玄夌门主(第1页)
玄清见玄夌失神,只当是自己的话戳中了他的要害,心中怨恨彻底爆发,泪水混着不甘落下来。
“你无话可说了?没错!我是背叛了白玄门,可那又如何?”
他怨恨地咆哮着,“青云宗愿与妖王交易,我靠捉妖献于妖王,才如愿坐上了青云宗宗主之位,这一切都是你逼我的!我追随你多年,鞍前马后,论资质论功劳,我哪点不如别人?可你偏偏握着门主之位不肯松手,连正眼都不肯瞧我一眼。”

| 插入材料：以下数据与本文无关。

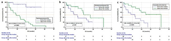Analysis of overall survival in patients who received Immunotherapy depending on the content of (a) Ruminococcaceae), (b) Christensenalceae, and (c) Clostridia UCG-014 regardless of immunotherapy line in the group untreated with antibiotics up to 4 weeks before immunotherapy.
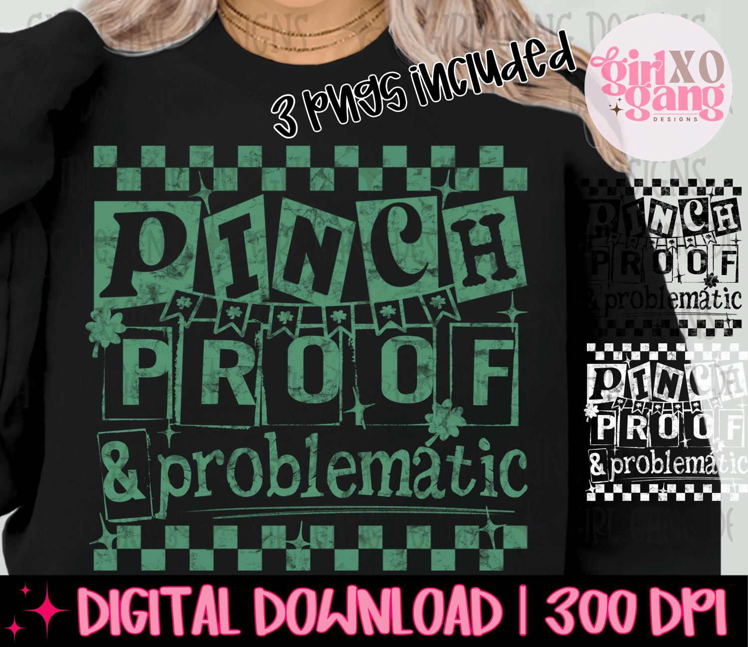Pinch proof and problematic png, st Patrick’s day checkered design, distressed grunge st paddy’s day design, 3 colors included
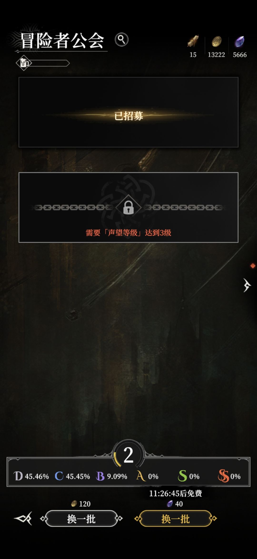 5.公会,就是招募人物的地方,可以升级来提高获得高品质人物的概率,可以使用钻石金币或者卷轴招募。
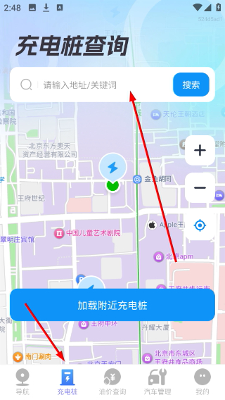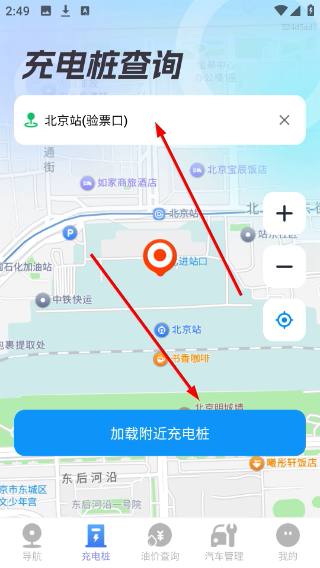 3、输入目的地如北京站验票口后点击加载附近充电桩,即可查看该位置周边的充电设施。
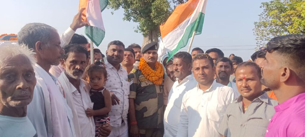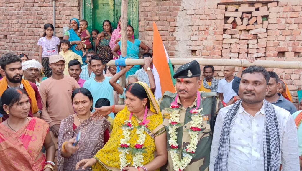 गोविंदपुर : थाना क्षेत्र के बनिया विगहा गांव में शुक्रवार को एक ऐतिहासिक क्षण देखने को मिला, जब गांव के वीर सपूत शशि भूषण सिंह बीएसएफ से सेवानिवृत्त होकर अपने पैतृक गांव लौटे. उनके स्वागत में ग्रामीणों ने तिरंगे के साथ ढोल-बाजे, फूलों की मालाएं और केक के साथ जोरदार अभिनंदन किया. शशि भूषण सिंह जैसे ही गांव पहुंचे उनके छोटे भाई पंकज कुमार के नेतृत्व में पहले से तैयार खड़े सैकड़ों ग्रामीणों ने उन्हें फूलों की माला पहनाई और ढोल-नगाड़ों एवं राष्ट्रीय ध्वज तिरंगे के साथ पूरे गांव में जुलूस के रूप में घुमाया. यह दृश्य किसी त्योहार से कम नहीं था. गांव भ्रमण के बाद उनके घर के पास स्वागत समारोह आयोजित किया गया, जहां केक काटा गया. इस मौके पर उनके छोटे भाई पंकज कुमार, उनकी माता और पत्नी मौजूद थी. सेवा निवृत्त शशि भूषण सिंह ने बताया कि उनकी भर्ती बीएसएफ में 24 मार्च 1994 को हुई थी. इसके बाद वे 31 वर्ष, 2 माह और 8 दिन तक देश की सेवा में समर्पित रहे. 30 अप्रैल 2025 को वे पंजाब की सीमा पर तैनाती के दौरान सेवानिवृत्त हुए. गांववासियों ने उन्हें सिर्फ एक रिटायर्ड जवान नहीं, बल्कि गौरव, प्रेरणा और सम्मान का प्रतीक बताया. युवाओं में उन्हें देखकर देशसेवा का उत्साह देखा गया. यह आयोजन यह साबित करता है कि जब देश का कोई बेटा सरहद से लौटता है, तो उसका स्वागत सिर्फ घर नहीं, पूरा गांव करता है. गौरतलब हो शशि भूषण के पिता बाबूलाल सिंह भी फौज में थे और सेवानिवृत्ति के कुछ दिन बाद उनका स्वर्गवास हो गया.
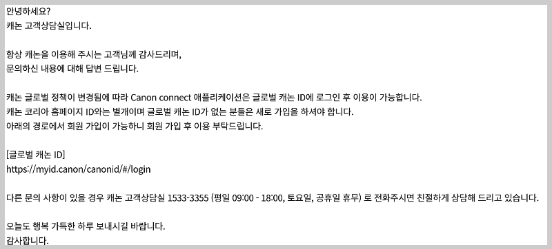 캐논 글로벌 정책이 바껴서 캐논과 캐논 코리아의 계정은 별도란다.

说罢,他再也按捺不住心中的杀意,猛地抬手,掌心瞬间聚起邪气,要对自己的师父发动最后一击。
“执迷不悟。”玄夌眸中最后一丝温情也消散了,他抬起手,一柄古朴长剑凭空浮现,“白玄门门规森严,背叛师门、残害生灵者,当废去修为,今日我便以门规处置你,以正视听!”
随后玄夌两指并拢,向下一点,长剑直刺玄清。
玄清面目狰狞,慌忙凝聚邪气抵挡,可玄夌的修为远在他之上。
噗嗤—!
长剑刺入体内,玄清发出一声惨叫,体内邪气瞬间溃散,修为被废,瘫倒在地。
原本追赶而来的青云宗修士,见自家宗主被废,又打不过玄夌,纷纷四处逃窜。
玄夌拔出长剑,看了眼像一滩烂泥般瘫软在地的玄清,眼中闪过一丝心痛,却一言未发,转身朝着白玄门内走去。
虹嫣见危机解除,长舒了口气,急忙低头看向南宫旭:“南宫公子,你的伤……”
“皮肉伤而已,调理几日便好。”南宫旭擦去嘴角血渍,撑着地面站起身,避开虹嫣搀扶的手,后退半步,对她抱拳,“姑娘,前方便是白玄门,你身负要事,而我……”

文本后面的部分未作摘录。